* [WHAT TO DO]
Please output only the lines running from the one that contains "WELLKIDS - 純棉休閒翻領短袖襯衫-繽紛熊熊-藍色" through the last line of the data below, exactly as they stand, with no pictures.

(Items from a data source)
········

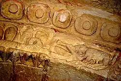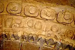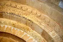 L'archivolte externe en ressaut s'orne d'une trentaine de soucoupes concaves, centrées par un besant. Certains de ces disques ont la forme de têtard, au-dessus de certains personnages clefs de la sarabande : la danseuse, le seigneur (deux), les bêtes de somme du laboureur et l'homme qui tient la queue du serpent dans la dernière séquence. La signification n'est pas évidente.
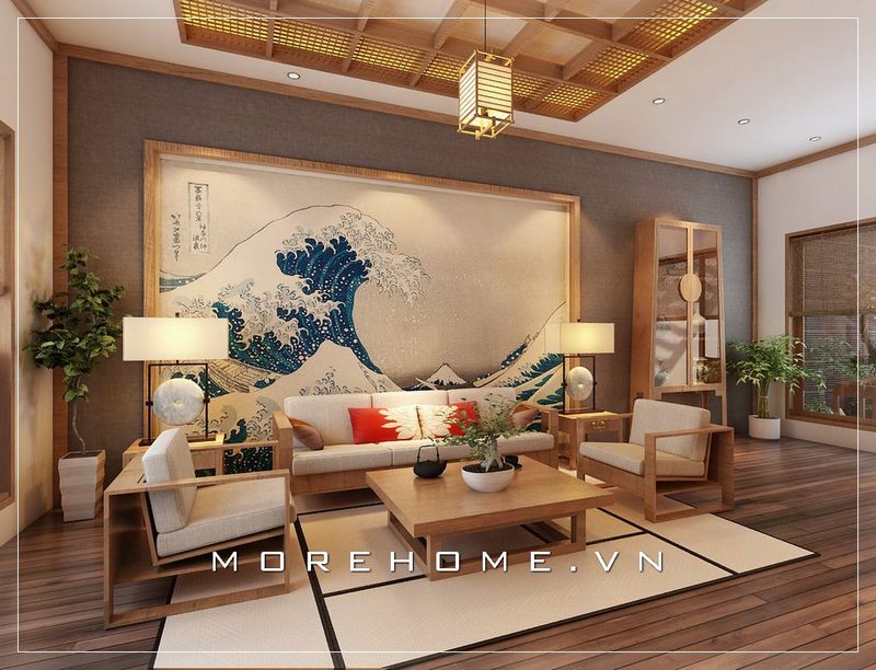 Sofa hiện đại với các đường nét gỗ vuông vắn kết hợp với đệm bọc vải êm ái sẽ làm cho phòng khách căn hộ chung cư trở nên thoải mái, tiện nghi và đầy đủ thoáng đãng.
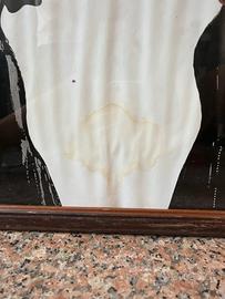 Il quadro è incorniciato in legno scuro (con segni di usura che ne accentuano il fascino vintage) e protetto da vetro.
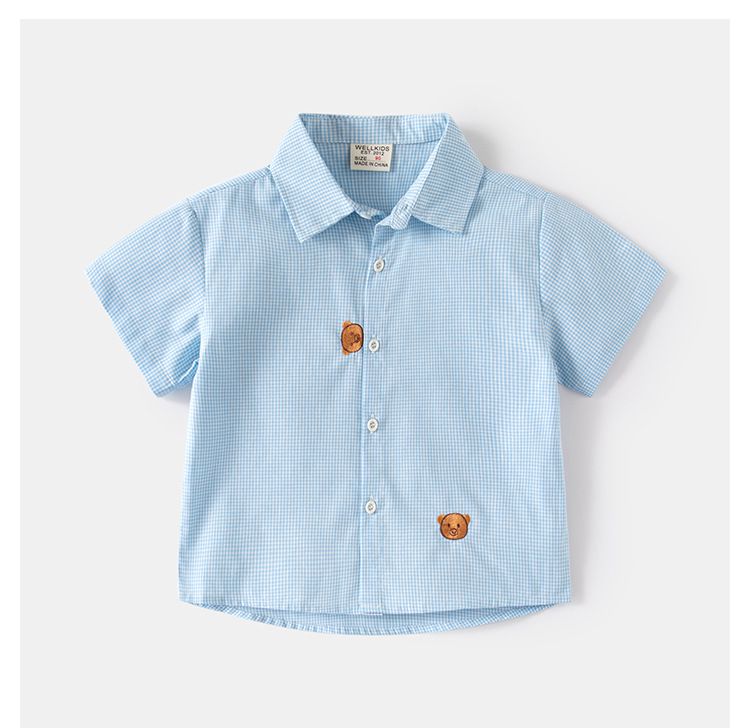 WELLKIDS - 純棉休閒翻領短袖襯衫-繽紛熊熊-藍色
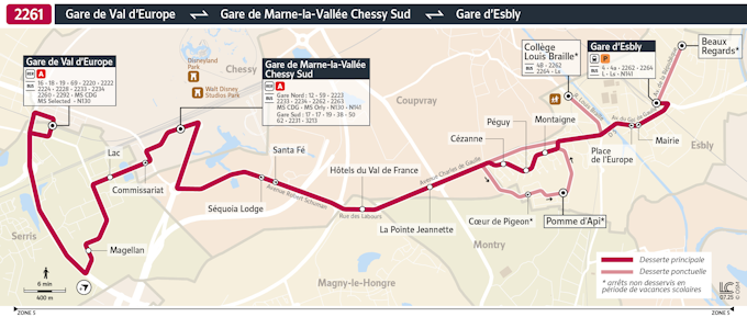- Uma nova rota estendida no ZAC du Prieuré com a criação dos "Les Champs du Prieuré" e "Centre aquatique" pára de/para a estação Val d'Europe.

········

* [RESULT FOR THIS EXERCISE]
 WELLKIDS - 純棉休閒翻領短袖襯衫-繽紛熊熊-藍色
- Uma nova rota estendida no ZAC du Prieuré com a criação dos "Les Champs du Prieuré" e "Centre aquatique" pára de/para a estação Val d'Europe.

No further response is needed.